Die Bürgerinitiative Oslebshausen und das Friedensforum wollen stattdessen das komplette Areal an der Reitbrake zur Kriegsgräberstätte erklären. Sie stützen sich auf ein Gutachten des Völkerrechtlers Robert Heinsch von der niederländischen Universität Leiden. Kennen Sie den Inhalt?
Ja, ich habe mir das angesehen. Aber völkerrechtlich könnte die Umbettung von der Reitbrake nach Osterholz ja nur ein Problem sein, wenn die betroffenen Staaten dagegen Einspruch erheben, also die russische Föderation und die Ukraine. Da sind wir aber im engen Austausch mit den diplomatischen Vertretungen. Ich gehe deshalb davon aus, dass wir Einvernehmen erzielen. Zumal die Nazis den Bestattungsort an der Reitbrake ja, um es mal vorsichtig zu sagen, nicht nach Repräsentativität und würdigem Gedenken ausgesucht haben.
Es geht an der Reitbrake noch um 280 bis 300 dort begrabene Zwangsarbeiter. Wie realistisch ist es, bei den aktuellen Grabungen sämtliche sterblichen Überreste zu bergen?
Die Grabungen werden mit der allergrößten Sorgfalt fortgeführt und wir hoffen, dass wir den größten Teil der Knochen finden. Aber noch mal: Bisher gab es rund 2000 Einzelfunde von Knochen und Erkennungsmarken, aber keine zusammenhängenden Skelette.
Die Bremer Linke, Ihr Koalitionspartner, will den von Ihnen skizzierten Weg aber nicht mitgehen.
Ich kann mir nicht wirklich vorstellen, dass die Linke die gefundenen sterblichen Überreste wieder an der Reitbrake, also quasi in einem Gewerbegebiet, verscharren will – und auch nicht, dass sie etwas gegen einen neuen Gedenkort in Osterholz an den Vernichtungskrieg im Osten hat.
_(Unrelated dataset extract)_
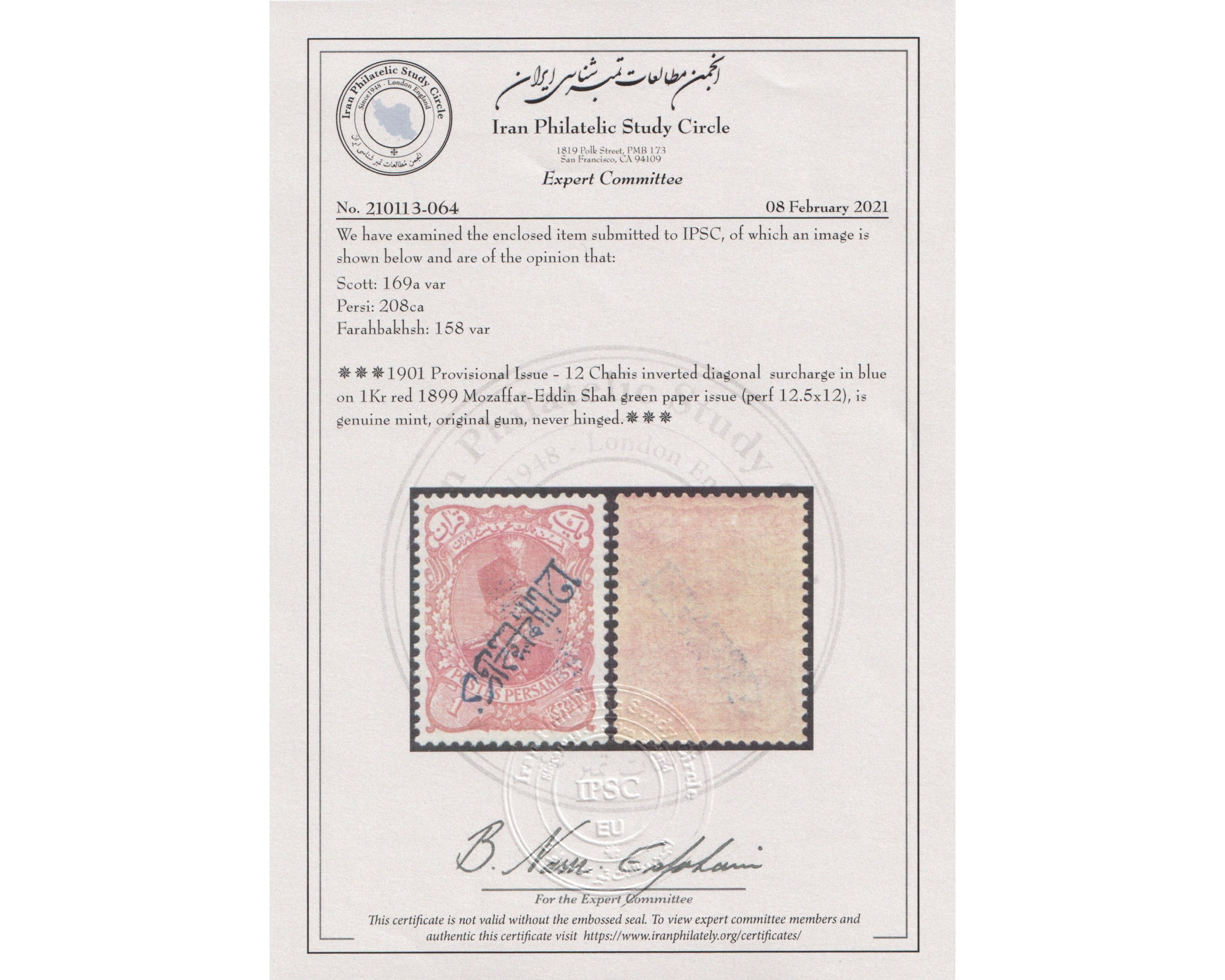 Certificate By IPSCCondition; Mint Never Hingedکیفیت عالی بدون اثر شارنیهبرای دیدن با بهترین کیفیت ماوس کامپیوتر را روی تصویر تکان دهید
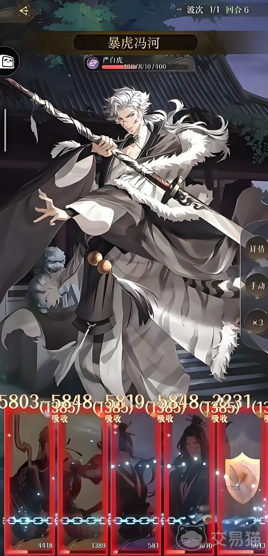 首先完成地宫35层挑战获得的奖励有115个古玉还有5000金币和珍贵的阴符资源。三星通关的要求是10个回合内通关,死亡或者被放逐的密探少于三个。这一层挑战的敌方boss是58级阴属性的严白虎。他的技能特效是拥有高额的免伤值,技能会提升攻击力,典型的高防低攻龙盾角色。本关限制密探等级到40,但相应给全体生命值提升15%,攻击力提升15%。

Geht es bei dem Konflikt ausschließlich um den angemessenen Umgang mit NS-Opfern?
Mir geht es um ein möglichst würdevolles Gedenken. Ich finde, dass das nicht mit anderen Fragen vermischt werden darf.
Etwa, ob man die Bahnwerkstatt eher an der "Oldenburger Kurve" baut?
Ich hoffe sehr, dass niemand diese Diskussion instrumentalisiert, um eine bestimmte Bebauung zu verhindern.
Wie geht es jetzt politisch und juristisch weiter?
Ich werde das Projekt weiter vorantreiben und die notwendigen Beschlüsse dazu im Senat einholen. Und, soweit zur Finanzierung erforderlich, natürlich auch in der Bürgerschaft.
Das Gespräch führte Joerg Helge Wagner.